Proper anesthesia is essential for ocular surgery. Topical anesthesia is most commonly employed, typically by the instillation of a local anesthetic such as tetracaine or lidocaine. Alternatively, lidocaine and/or longer-acting bupivacaine anesthestic may be injected into the area surrounding (peribulbar block) or behind (retrobulbar block) the eye muscle cone to more fully immobilize the extraocular muscles and minimize pain sensation. A facial nerve block using lidocaine and bupivacaine may occasionally be performed to reduce lid squeezing. General anesthesia is recommended for children, traumatic eye injuries with cataract, for very apprehensive or uncooperative patients and animals. Cardiovascular monitoring is preferable in local anesthesia and is mandatory in the setting of general anesthesia. Proper sterile precautions are taken to prepare the area for surgery, including use of antiseptics like povidone-iodine. Sterile drapes, gowns and gloves are employed. A plastic sheet with a receptacle helps collect the fluids during phacoemulsification. An eye speculum is inserted to keep the eyelids open.
Before the phacoemulsification can be performed, one or more incisions are made in the eye to allow the introduction of surgical instruments. The surgeon then removes the anterior face of the capsule that contains the lens inside the eye. Phacoemulsification surgery involves the use of a machine with microprocessor-controlled fluid dynamics. These can be based on peristaltic or a venturi type of pump.
The phaco probe is an ultrasonic handpiece with a titanium or steel needle. The tip of the needle vibrates at ultrasonic frequency to sculpt and emulsify the cataract while the pump aspirates particles through the tip. In some techniques, a second fine steel instrument called a "chopper" is used from a side port to help with chopping the nucleus into smaller pieces. The cataract is usually broken into two or four pieces and each piece is emulsified and aspirated out with suction. The nucleus emulsification makes it easier to aspirate the particles. After removing all hard central lens nucleus with phacoemulsification, the softer outer lens cortex is removed with suction only.

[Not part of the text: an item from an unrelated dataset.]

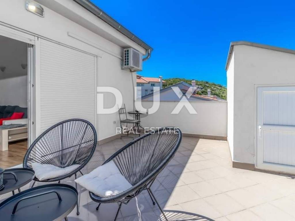 We are selling two beautiful apartments of 131 m2, of which the apartment on the second floor is 81 m2, and the apartment in the attic is 50 m2 with a roof terrace. The apartments are located in a family house with three other apartments, in a quiet environment. The apartment of 81 m2 is located on the second floor of the house and consists of two bedrooms, a kitchen with a dining room, a living room, a bathroom and especially a toilet. The rooms are spacious and sunny, and each opens onto a shared balcony with a wonderful view of the city and the sea. The apartment, which has 50 m2 and a spacious roof terrace, is located in a high attic and consists of one bedroom, a kitchen with a dining room, a living room, a bathroom and a storage room. The spacious terrace offers an open view of the sea. The apartments are completely adapted, modernly furnished, with separate entrances. Each apartment is equipped with air conditioning and has one parking space. The apartments are ideal for two families, for investment, as a long-term or tourist rental. For all other information, contact the agent.

An irrigation-aspiration probe or a bimanual system is used to aspirate out the remaining peripheral cortical matter, while leaving the posterior capsule intact. As with other cataract extraction procedures, an intraocular lens implant (IOL), is placed into the remaining lens capsule. For implanting a poly(methyl methacrylate) (PMMA) IOL, the incision has to be enlarged. For implanting a foldable IOL, the incision does not have to be enlarged. The foldable IOL, made of silicone or acrylic of appropriate power is folded either using a holder/folder, or a proprietary insertion device provided along with the IOL.
It is then inserted and placed in the posterior chamber in the capsular bag (in-the-bag implantation). Sometimes, a ciliary sulcus implantation may be required because of posterior capsular tears or because of zonular dialysis. Because a smaller incision is required, few or no stitches are needed and the patient's recovery time is usually shorter when using a foldable IOL.